Консуэло, в ужасе от столь наглого обмана, решила положить этому конец.
— Довольно! — проговорила она. — Господин граф, выслушайте меня…
Она готова была все рассказать, но тут вошел Альберт. И тотчас мысль о Зденко сковала страхом ее душу, готовую открыться. Неукротимый покровитель Консуэло был способен без шума и без лишних слов освободить ее от врага, которого она собиралась разоблачить. Она побледнела, с горестным упреком взглянула на Андзолето, и слова замерли на ее устах.
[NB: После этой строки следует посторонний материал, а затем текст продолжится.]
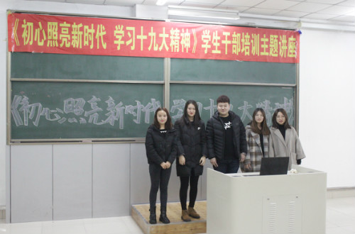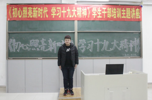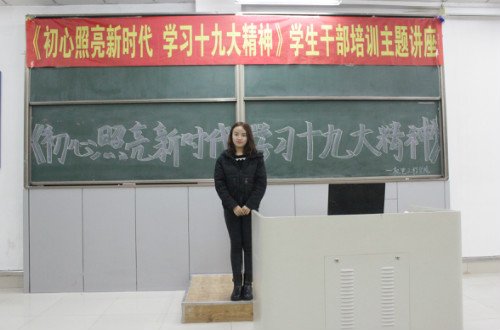 通过今天的学生干部培训讲座使我意识到自己的使命,要做新时代的有为青年,要坚定信念勇敢担当。在今后的学习、工作中,要坚持用十九大精神武装头脑,要不断提高自己的综合素质,用知识、技能服务社会,用自己的实际行动为实现中国梦而努力奋斗。

Ровно в семь часов вечера все уселись за стол ужинать. Если столь частые трапезы способны лишить аппетита моих изящных читательниц, я принужден им сказать, что мода воздерживаться от пищи была не в чести в те времена и в той стране. Кажется, я уже упоминал о том, что в Ризенбурге кушали медленно, плотно и часто — чуть ли не половина дня проходила за обеденным столом; и, признаюсь, Консуэло, с детства поневоле привыкшая довольствоваться в течение дня несколькими ложками сваренного на воде риса, находила эти гомерические трапезы смертельно длинными. Впервые она не смогла дать себе отчет в том, сколько длился этот ужин — час, мгновение или столетие. Она так же мало сознавала, что существует, как и Альберт, когда он бывал один в своем гроте. Ей казалось, что она пьяна, до такой степени стыд, любовь и ужас владели ею. Она ничего не ела, не слышала, ничего не видела вокруг себя. В смятении, подобно человеку, летящему в пропасть и видящему, как одна за другой ломаются непрочные ветки, за которые он пытается удержаться, она глядела на дно бездны, и голова ее шла кругом. Андзолето сидел подле нее, он задевал за ее платье, то и дело касался локтем ее локтя, а ногой ее ноги. Стремясь ей услужить, он дотрагивался до ее рук и на миг удерживал их в своих, но этот миг, это жгучее пожатие заключало в себе целый мир наслаждений… Тайком он шептал ей слова, от которых можно было задохнуться, пожирал ее глазами… Пользуясь мгновением, мимолетным, как молния, он менялся с ней стаканом и прикасался губами к хрусталю, до которого только что дотрагивались ее губы. Он умел быть пламенем для нее и холодным, как лед, в глазах других. Он премило держал себя, учтиво разговаривал, был чрезвычайно внимателен к канониссе, преисполнен почтения к капеллану, предлагал ему лучшие куски мяса и сам нарезал их с грациозной ловкостью человека, привыкшего к хорошему столу. Он заметил, что благочестивый отец был лакомкой, но по своей застенчивости нередко ограничивал себя по части чревоугодия. Капеллану пришлась весьма по вкусу предупредительность молодого человека, и он стал желать, чтобы этот новый кравчий до конца дней своих пробыл в замке Исполинов. Все заметили, что Андзолето пил только воду, и когда капеллан, как бы в ответ на его любезность, предложил ему вина, он проговорил во всеуслышание:
— Тысячу раз благодарю, но больше я уже не попадусь. Ваше прекрасное вино, в котором я недавно пытался найти забвение, коварно. Теперь мои горести миновали, и я возвращаюсь к воде, своему обычному напитку и верному другу.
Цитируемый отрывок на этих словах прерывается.